Бергсон хорошо понимал, насколько важны исследования мышечного чувства для новой экспериментальной психологии, претендующей на статус точной науки: из осознания модальностей давления и напряжения, присущих мышечному действию, следует их принципиальная измеримость, а количественный анализ осознания – это уже материал для лабораторной работы. Однако он лишь посмеялся над путаной идеей, будто бы психическая сила преобразуется в мускульную и будто бы вторая может служить неким мерилом первой (Бергсон, 1992а, с. 54). Только намного более глубокая философия, философия творящего, активного, обладающего памятью духа, такая философия, какую он сам вознамерился утвердить, сумела бы избежать подобных нелепостей. Тем не менее Бергсон штудировал литературу по психологии; особенно его привлекала теория, связывавшая чувство движения с центральной иннервацией. Он полагал, что эта теория вполне согласуется с положением о неопровержимой (по его мнению) достоверности интуиции как источника информации об активности, составляющей суть психической жизни, интуиции, которой, на его взгляд, был щедро наделен Биран. Так, говоря о внимании, Бергсон отмечал, что внимание сопровождается мышечным сокращением, а точнее, «отчетливым ощущением напряжения сокращения кожи головы, это давление снаружи внутрь, которое мы ощущаем всем черепом, когда делаем напряженное усилие что-нибудь вспомнить» (там же, с. 62)[160]
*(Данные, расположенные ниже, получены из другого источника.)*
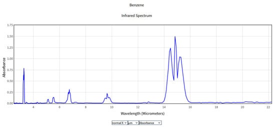 - Benzene. Available online: https://webbook.nist.gov/cgi/cbook.cgi?ID=C71432&Units=SI&Type=IR-SPEC&Index=0#IR-SPEC (accessed on 11 August 2023).

. Такого рода напряжение в тканях объясняет и напряжение психическое. В этой связи Бергсон ссылался на исследования Шарля Фере, согласно которым всякое ощущение сопровождается возрастанием мышечного напряжения[161]. Отсюда последовал вывод: всякое ощущение содержит в себе элемент мышечного ощущения. Бергсон указал также на роль чувства движения для усвоения двигательных навыков, которое особенно наглядно проявляется в работе мышц, когда человек учится говорить. И наконец, он заявил, что осознанность движения – «абсолютно реальный феномен», подразумевая, что «реально» именно ощущаемое движение, а вовсе не движение материального объекта (Бергсон, 1992б, p. 258).Бергсон ратовал за понимание тела как инструмента духа – за инструментальное понимание ощущений, в том числе двигательных, в процессе деятельности организма, подчиненной велению духа. Такой подход, при котором в центре внимания оказывается моторная сторона психологической жизни человека, наиболее характерен для англоязычного мира благодаря понятиям, разработанным Бэном и преобразованным затем в функционалистские термины, – понятиями, связанными с активностью, обладающей функцией адаптации к среде. Сложившийся таким образом научный язык способствовал развитию психологии, которая признает важность мышечных ощущений для «делания» как нечто само собой разумеющееся. Джон Дьюи, чьи труды по теоретической психологии, пользовались большой популярностью в Соединенных Штатах, писал:
«Я убежден, что в развитии ребенка активная сторона предшествует пассивной; что самовыражение идет впереди осознанного впечатления; что мускульное развитие опережает сенсорное; что движения предвосхищают осознанные ощущения; я убежден, что сознание, по существу, является моторным или импульсивным; что сознательные состояния стремятся проявить себя в действии» (Dewey, 2015, p. 228).
«Сознание, по существу, является моторным или импульсивным»: этот постулат ставил в центр всего чувственное восприятие движения. Он означал провозглашенную Джоном Дьюи переориентацию психологии – от стерильного (чрезмерно интеллектуального) интереса к тому, что люди знают, к дивному новому миру (практического) понимания того, что люди делают. Новые экспериментальные исследования перцепции, когнитивности, внимания и действия должны были учитывать и кинестезию, сенсорный процесс, присущий согласованному «деланию». Двигаясь в этом русле, Чарльз Х. Джадд в 1905 году заявил: «В последние годы наиболее перспективные, конструктивные достижения психологии наблюдаются по линии отказа от вчерашних однобоких теорий чувства в пользу тщательно документированного признания первостепенной важности двигательных предпосылок сознания (Judd, 1905, p. 199).